Posted by Mr. John R. Killacky, Aug 21, 2013 0 comments

John R. Kilacky John R. Killacky


Vermont, like many states, is considering comprehensive tax reform. Committees in the Vermont Senate and House developed proposals last legislative session and systemic changes seem high on the agenda for the 2014 session. Key components focus on increasing the portion of personal income that is taxed by capping deductions, including charitable contributions. If passed, this revision to the tax code would negatively affect the work of nonprofit organizations statewide. Vermont’s robust nonprofit sector comprises nearly 4,000 human, social service, educational, religious, and cultural organizations, ranking us No. 1 per capita in the nation.
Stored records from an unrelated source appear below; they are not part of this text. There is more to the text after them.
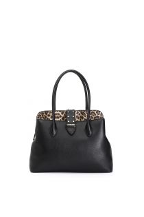Shopping rigido con tramezza con zip in fantasia stampata. borsa arricchita di fibbia con microborchie dorate.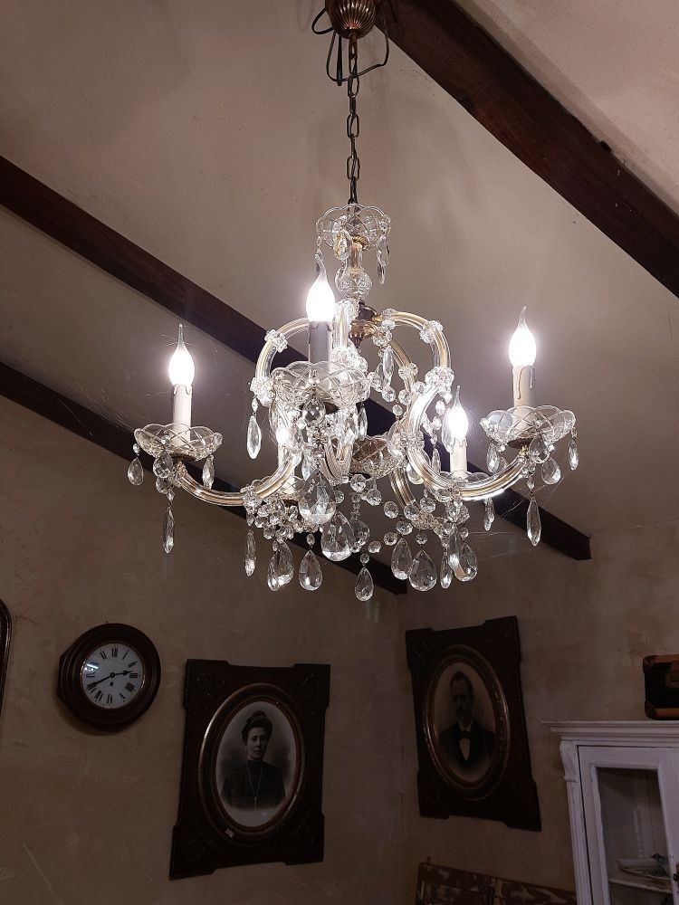 Nr. 24 Kleine oude kristallen kroonluchter. Hij is ongeveer 50 cm breed en 45 cm hoog. Prijs € 395,-.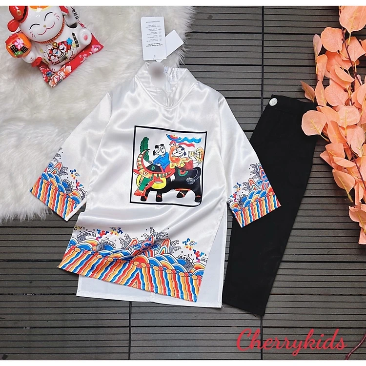 Áo dài tết cho bé trai mẫu tranh đông hồ từ 12-40kg hàng thiết kế cao cấp (áo lẻ không kèm quần)

The Vermont Community Foundation reported in 2010 that these agencies generate $4.1 billion in annual revenue and represent 18.7 percent of our gross state product. Nonprofits deliver critical services that government alone cannot provide: sheltering, caring for, and feeding those less fortunate; early childhood education; and cultural enrichment are just a few examples. Nonprofits include schools, hospitals, churches, libraries, community health clinics, workforce development centers, mentoring programs, homeless shelters, food banks, theaters, and galleries. Some focus on specific populations: providing safe spaces for women, LGBT youth, refugees, the disabled, and migrant workers. They range from small, volunteer-run groups to huge universities. Although more than 80 percent of Vermont’s nonprofits operate with budgets of less than $250,000 each year. By delivering mission-related programs, nonprofits improve lives and transform communities. Investing in early intervention is more cost-effective than dealing with societal dysfunction later in life. Food and shelter vs. homelessness, after-school tutoring vs. illiteracy, involved children vs. disengaged teens, job skills training vs. unemployment, community vs. isolation — consider the alternatives.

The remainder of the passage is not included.